__Supplied data__.
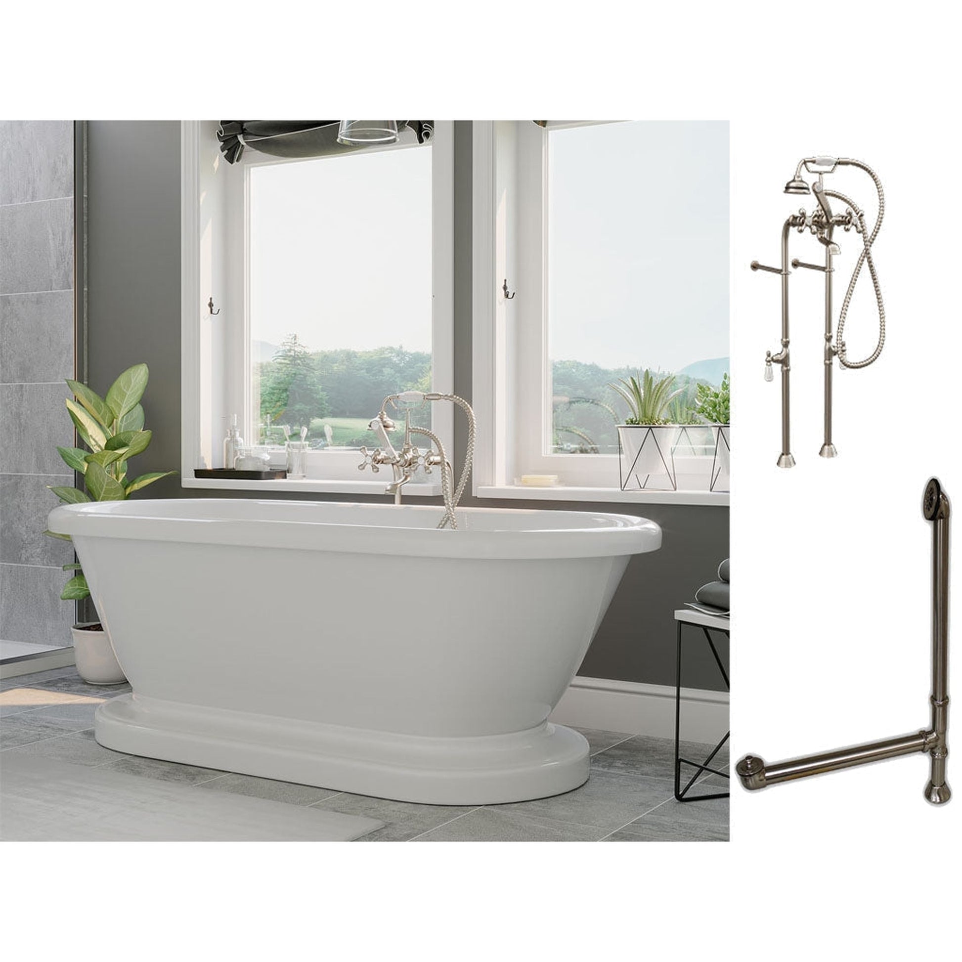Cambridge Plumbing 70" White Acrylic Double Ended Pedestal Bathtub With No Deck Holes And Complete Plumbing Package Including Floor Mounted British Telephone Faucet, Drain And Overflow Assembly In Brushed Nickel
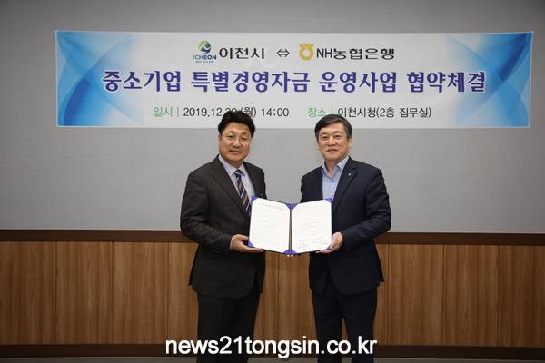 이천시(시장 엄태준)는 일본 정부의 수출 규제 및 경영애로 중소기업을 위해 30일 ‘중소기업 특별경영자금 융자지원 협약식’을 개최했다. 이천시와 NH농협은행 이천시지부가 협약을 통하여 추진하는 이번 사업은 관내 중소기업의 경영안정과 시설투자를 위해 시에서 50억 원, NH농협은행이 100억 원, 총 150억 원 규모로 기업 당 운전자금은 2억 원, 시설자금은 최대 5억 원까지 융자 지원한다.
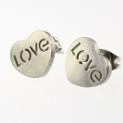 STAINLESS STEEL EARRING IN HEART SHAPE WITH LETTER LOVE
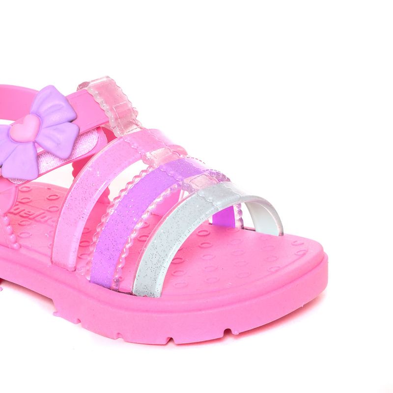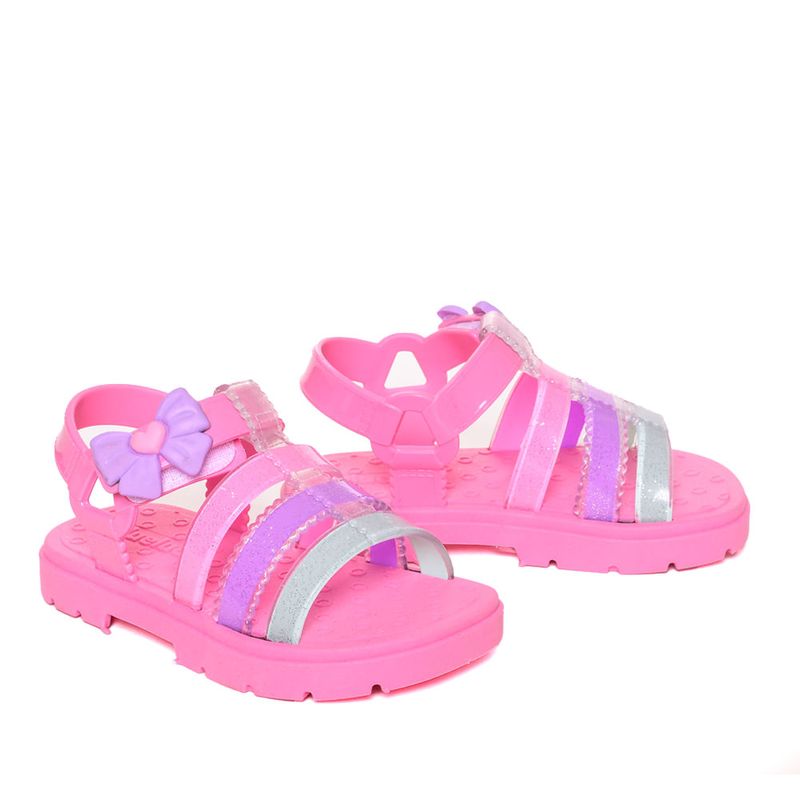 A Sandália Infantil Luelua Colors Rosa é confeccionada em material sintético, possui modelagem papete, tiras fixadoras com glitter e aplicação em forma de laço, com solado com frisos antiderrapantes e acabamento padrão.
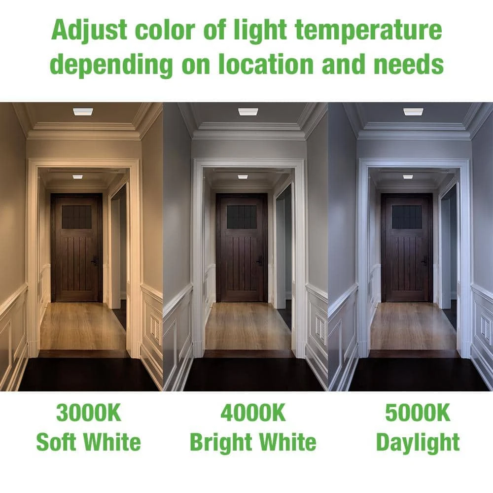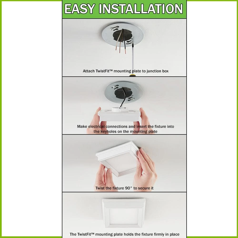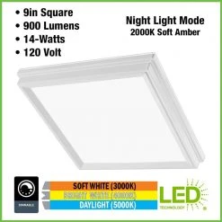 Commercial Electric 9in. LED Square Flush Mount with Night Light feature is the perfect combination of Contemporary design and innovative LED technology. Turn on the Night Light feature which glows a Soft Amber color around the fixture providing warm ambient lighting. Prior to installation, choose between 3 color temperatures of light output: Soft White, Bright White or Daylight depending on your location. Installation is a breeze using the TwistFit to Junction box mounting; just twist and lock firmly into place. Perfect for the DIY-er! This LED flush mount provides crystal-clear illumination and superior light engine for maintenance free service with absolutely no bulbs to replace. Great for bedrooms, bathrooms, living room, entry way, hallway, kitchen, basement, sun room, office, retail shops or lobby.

==

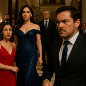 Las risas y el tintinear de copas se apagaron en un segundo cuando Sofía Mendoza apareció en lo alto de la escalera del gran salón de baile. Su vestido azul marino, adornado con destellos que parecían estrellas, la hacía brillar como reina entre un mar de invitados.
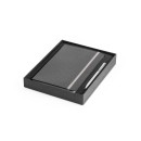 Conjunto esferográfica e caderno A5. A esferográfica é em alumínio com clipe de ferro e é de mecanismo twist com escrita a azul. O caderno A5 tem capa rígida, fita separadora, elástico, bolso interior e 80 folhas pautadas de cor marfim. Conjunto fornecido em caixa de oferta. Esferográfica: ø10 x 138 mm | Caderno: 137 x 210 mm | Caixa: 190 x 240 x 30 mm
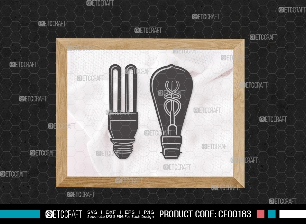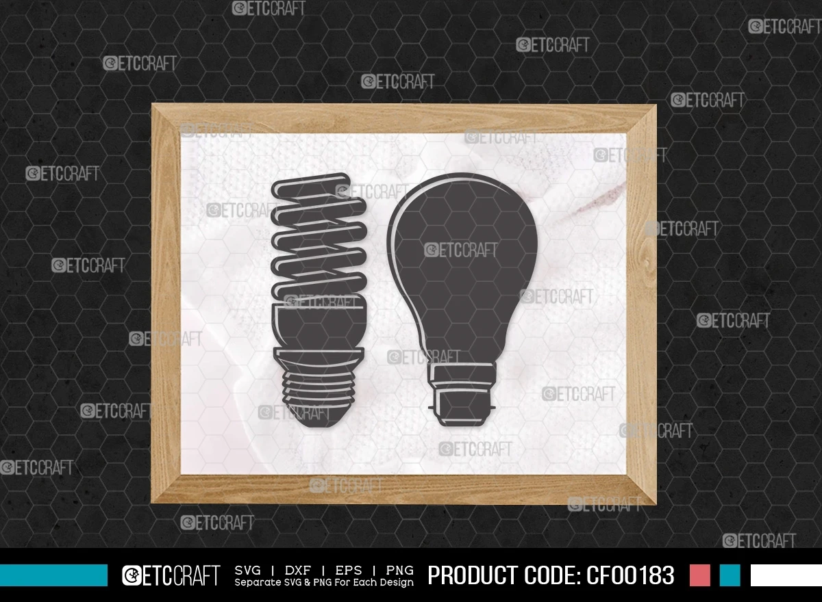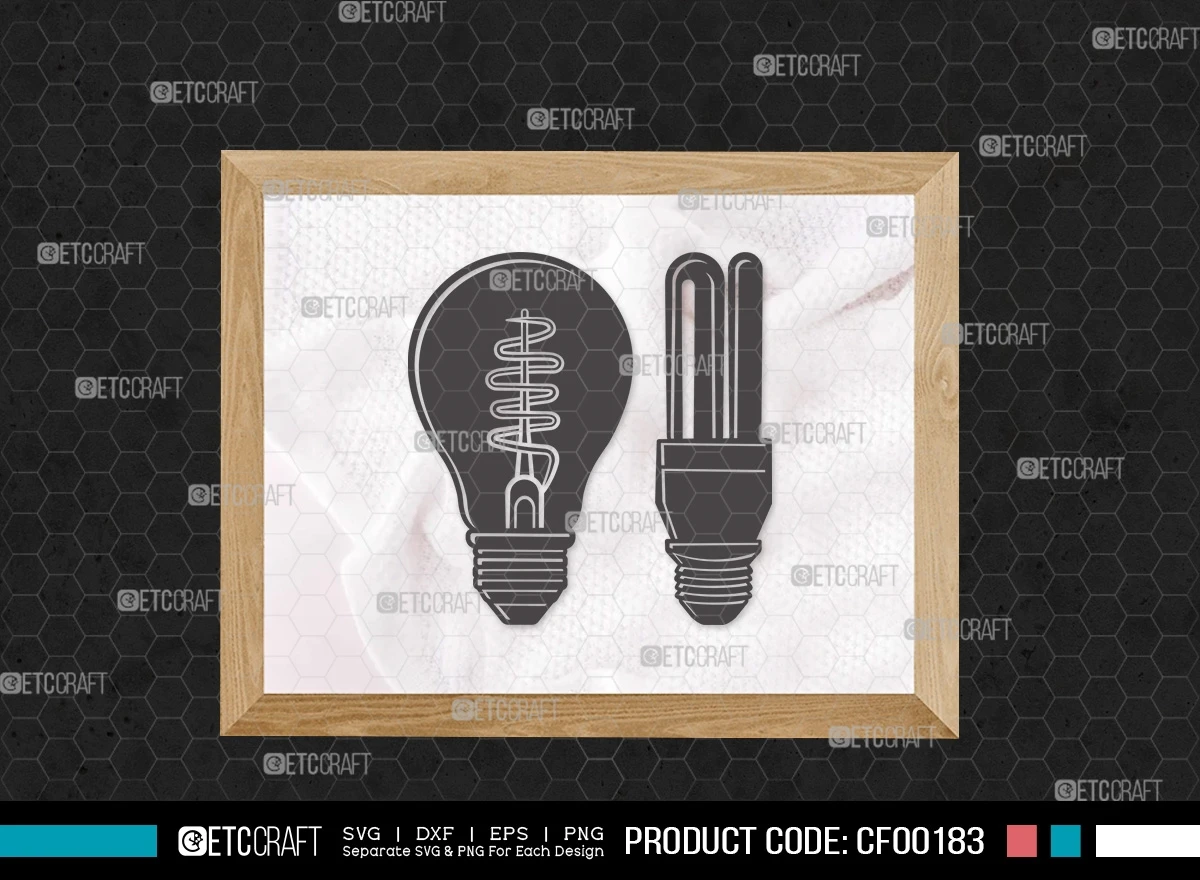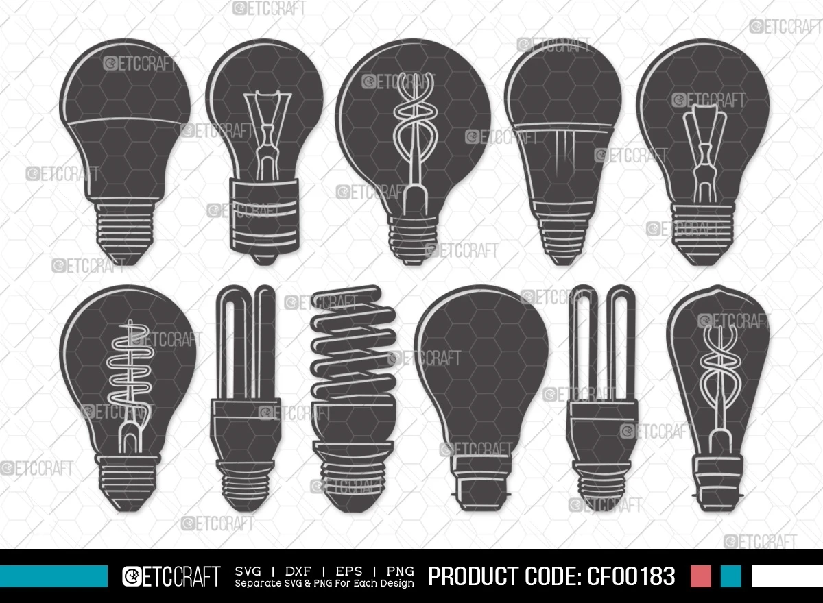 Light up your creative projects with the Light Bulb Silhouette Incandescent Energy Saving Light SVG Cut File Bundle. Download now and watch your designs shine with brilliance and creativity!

...

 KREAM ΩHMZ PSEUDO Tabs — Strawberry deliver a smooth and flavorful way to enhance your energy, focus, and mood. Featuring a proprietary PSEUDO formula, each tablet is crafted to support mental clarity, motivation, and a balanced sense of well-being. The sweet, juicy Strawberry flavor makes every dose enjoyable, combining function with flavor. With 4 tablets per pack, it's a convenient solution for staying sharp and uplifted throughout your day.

__Exercise objective__.
Beginning with the line that contains "In Brushed Nickel" and ending with the line that contains "STAINLESS STEEL EARRING", reproduce the listing exactly, pictures excluded.

__Response area__.
Cambridge Plumbing 70" White Acrylic Double Ended Pedestal Bathtub With No Deck Holes And Complete Plumbing Package Including Floor Mounted British Telephone Faucet, Drain And Overflow Assembly In Brushed Nickel
 이천시(시장 엄태준)는 일본 정부의 수출 규제 및 경영애로 중소기업을 위해 30일 ‘중소기업 특별경영자금 융자지원 협약식’을 개최했다. 이천시와 NH농협은행 이천시지부가 협약을 통하여 추진하는 이번 사업은 관내 중소기업의 경영안정과 시설투자를 위해 시에서 50억 원, NH농협은행이 100억 원, 총 150억 원 규모로 기업 당 운전자금은 2억 원, 시설자금은 최대 5억 원까지 융자 지원한다.
 STAINLESS STEEL EARRING IN HEART SHAPE WITH LETTER LOVE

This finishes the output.